QC samples, prepared by pooling aliquots from all samples, were injected periodically throughout the analytical run to monitor system stability. The QC samples exhibited tight clustering in principal component analysis. Critically, the relative standard deviations (RSDs) of two internal standards, PC(17:0/17:0) and SM(d18:1/12:0), across all QC injections were 1.92% and 1.74%, respectively, confirming excellent instrument stability.
Construction and evaluation of the Random Forest (RF) model
To identify key variables differentiating the groups (i.e. NCs vs. CVD patients and SAP patients vs. AMI patients), we employed an RF algorithm. The dataset was split into a training set (70%) and test set (30%) using stratified random sampling to preserve class distribution. The training set was used for model construction and parameter optimization via 5-fold cross-validation (repeated 100 times).The test set served as an independent validation cohort. Feature importance was assessed using the Gini importance index. The top 10 features were then selected for subsequent analysis. As group imbalance was concerning, RF was used primarily for predictive feature identification, while logistic regression was used for final model development and validation.
Statistical analysis
Data normality was assessed using the Kolmogorov–Smirnov test. Normally distributed continuous variables were presented as mean ± SD, while non-normally distributed data were presented as median (interquartile range (IQR)). Unpaired t-tests and chi-squared tests were used to compare means and proportions, respectively, between the NC, AMI, and SAP groups, where appropriate. Univariable regression was performed for all variables as a screening step, and the variables with P < 0.05 were used as candidate variables. For the purpose of risk stratification analysis distinguishing patients from NCs, individuals in the SAP and AMI groups were combined into a single “CVD” group.

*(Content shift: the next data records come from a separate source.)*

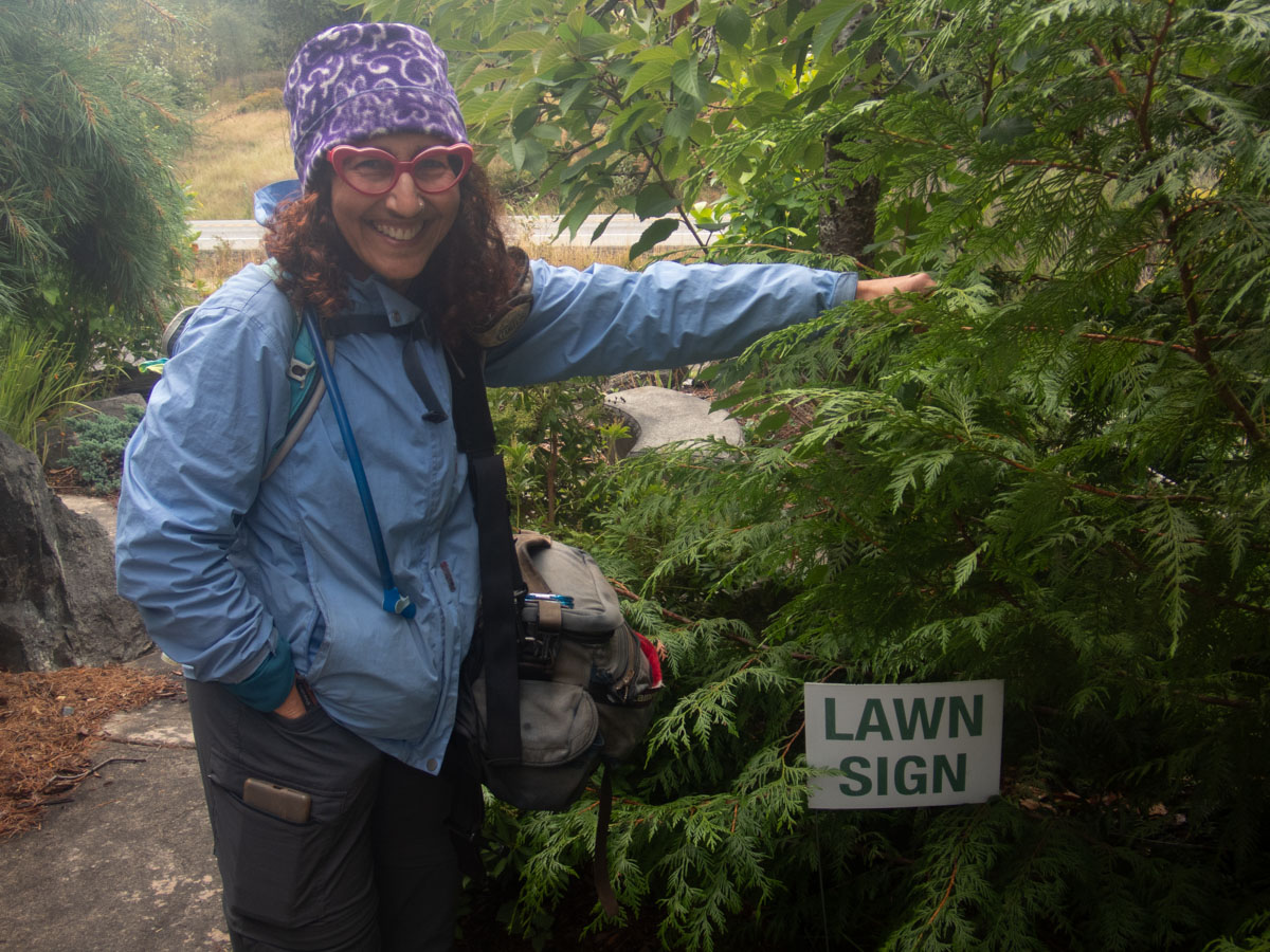 Eric took my picture with a lawn sign.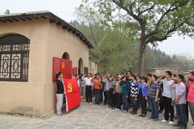 在中共七届二中全会会址门前,面对鲜红的党旗,党员们整齐列队,举起握拳的右手庄严宣誓。大家决心努力学习党章,牢记“两个务必”,践行科学发展观,坚定信念,发挥党员先锋模范作用和党支部的战斗堡垒作用,为培黎学院的科学发展贡献自己的聪明才智和全部力量!
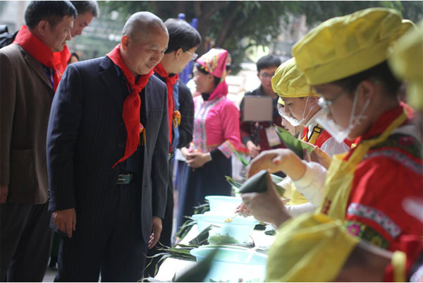 现场的民俗美食一条街,摆满了糍粑、灌血肠、五色饭等壮乡各民族特色的美味佳肴。家长和学生们还在现场展示了民族饮食文化和民族手工艺作品。全方位、多角度展示了壮乡民族艺术、民族体育、民族教育、民族美食。不仅吸引了嘉宾们的眼球,还引来众多民族文化交流学者和游客。学校在阵阵欢呼声中变身艺术殿堂和欢乐的海洋!艺术节现场从点到面,无不凸显出校园民族文化风采和传统民族文化的无穷魅力。
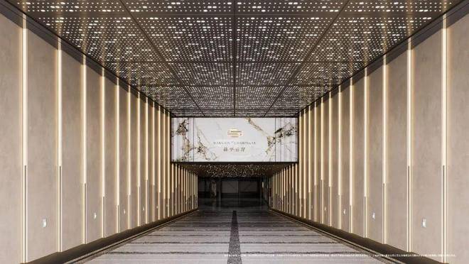 在昌平云岸,归家的尊崇始于车轮触地的第一刻,这里的地下空间早已超越功能本身,化作一场精心编排的感官仪式。当座驾滑入由石材铺就的坡道,星空穹顶便以流动的光晕温柔相迎,香槟金色的艺术线条在视线尽头舒展,如同为每位归家业主铺就的隐形红毯。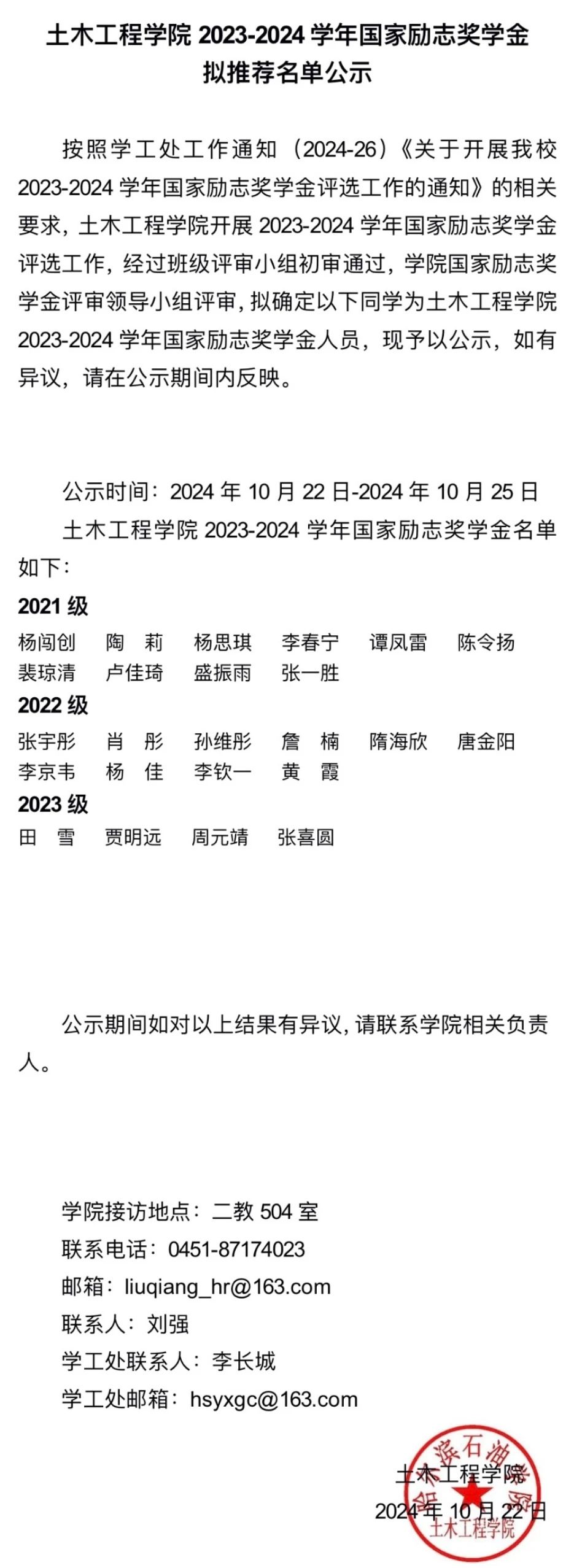 我院2023-2024学年国家励志奖学金拟推荐名单公示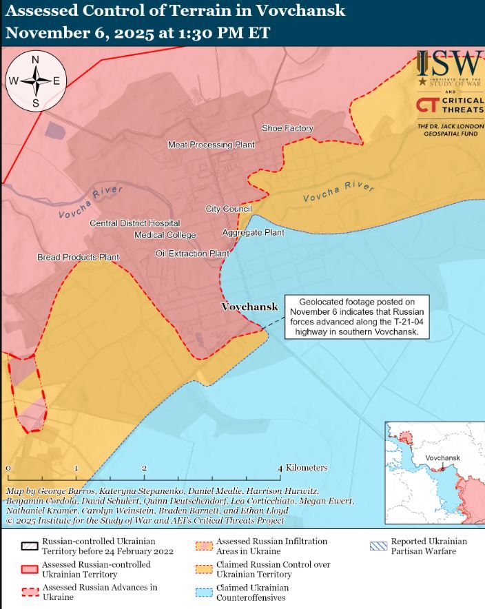 - на півночі Харківської області: геолокаційні відеозаписи, опубліковані 6 листопада, свідчать про незначне просування ворога в південній частині Вовчанська (на північний схід від Харкова);

Candidate variables from the univariable regression were included in RF regressions. Separate clinical and lipidomic models were established by stepwise binary logistic regression, using the key features from RF analysis. We then performed a receiver operating characteristic (ROC) analysis, based on the predictions generated by the logistic regression model on the test set, and used the cross-validation results to evaluate the validity of our models. Statistical analysis were performed and figures were generated using R software (version 4.4.2, R Foundation for Statistical Computing, Vienna, Austria; https://www.R-project.org/) and SPSS (IBM SPSS Statistics for Windows, Version 26.0. IBM Corp., Armonk, NY, USA). The reporting of this study conforms to the Strengthening the Reporting of Observational Studies in Epidemiology (STROBE) guidelines. 24
Results
Demographic and clinical characteristics of the study cohorts
A total of 260 participants were included, comprising 40 NCs, 180 patients with SAP, and 40 patients with AMI. Baseline demographic and clinical characteristics are presented in Table 1. No significant differences were observed in age or sex distribution across the three groups. Although the BMI was similar between the NC and SAP groups, the AMI group exhibited a significantly higher BMI (25.68 ± 3.70). A significantly higher proportion of smokers was observed in the AMI group (47.50%) than in the NC (35%) and SAP (24.4%) groups, whereas no significant difference was observed in the prevalence of drinking. Notably, hypertension and type 2 diabetes were significantly more prevalent in both SAP (73.89% and 22.22%, respectively) and AMI (47.5% and 15%, respectively) groups than in the NC group. A statistically significant difference was observed in SBP, DBP, and heart rate (HR) across the three groups. Specifically, the AMI group exhibited a significantly higher DBP (82.65 ± 13.18 mmHg) and HR (82.98 ± 14.44 bpm) than the NC and SAP groups.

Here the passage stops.